AVAILABLE DATA
********************

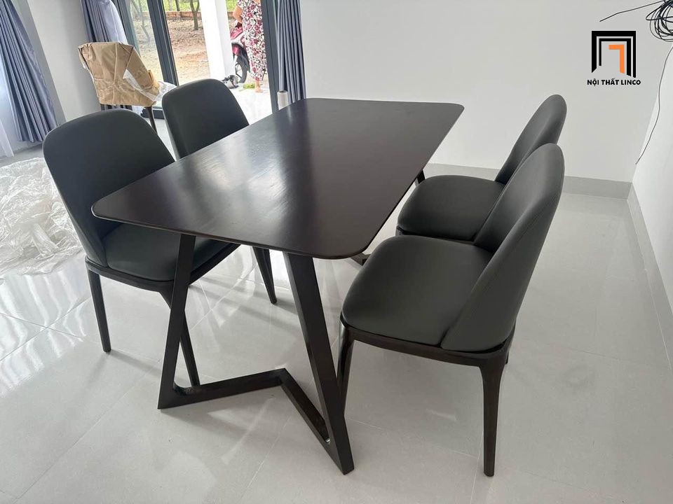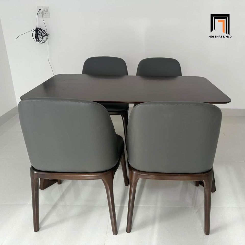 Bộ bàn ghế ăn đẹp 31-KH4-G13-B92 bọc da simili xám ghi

********************

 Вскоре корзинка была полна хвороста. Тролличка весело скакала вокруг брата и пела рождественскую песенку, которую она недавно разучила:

********************

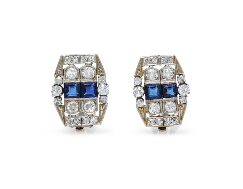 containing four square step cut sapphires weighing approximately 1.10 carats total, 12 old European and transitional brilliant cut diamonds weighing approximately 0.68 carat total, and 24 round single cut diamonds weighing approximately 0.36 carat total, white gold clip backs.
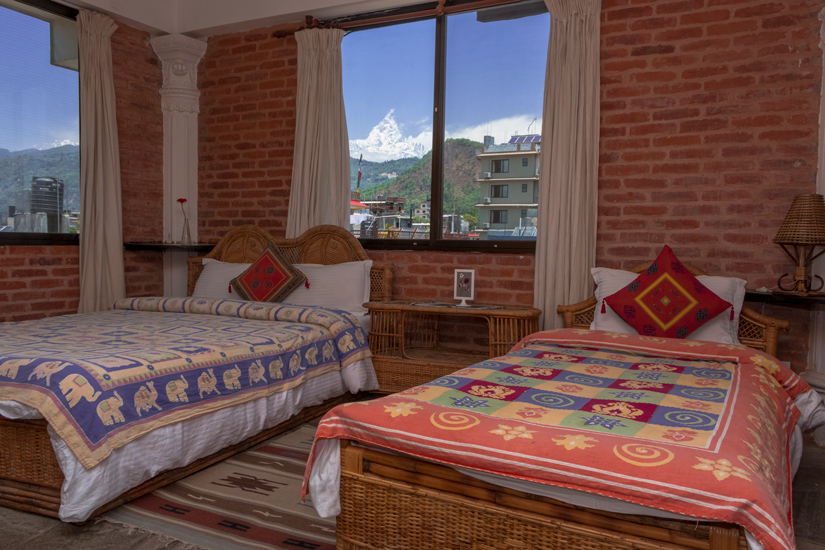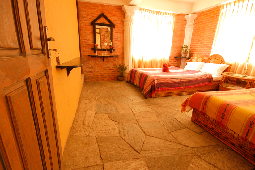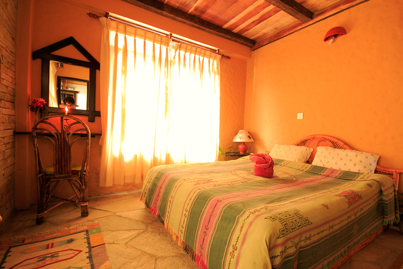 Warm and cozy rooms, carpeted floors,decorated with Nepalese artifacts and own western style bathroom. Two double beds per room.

********************

EXERCISE PROMPT
From the line containing "containing four square" through the line containing "Warm and cozy", copy every line above exactly, without pictures.

FINAL ANSWER
 containing four square step cut sapphires weighing approximately 1.10 carats total, 12 old European and transitional brilliant cut diamonds weighing approximately 0.68 carat total, and 24 round single cut diamonds weighing approximately 0.36 carat total, white gold clip backs.
 Warm and cozy rooms, carpeted floors,decorated with Nepalese artifacts and own western style bathroom. Two double beds per room.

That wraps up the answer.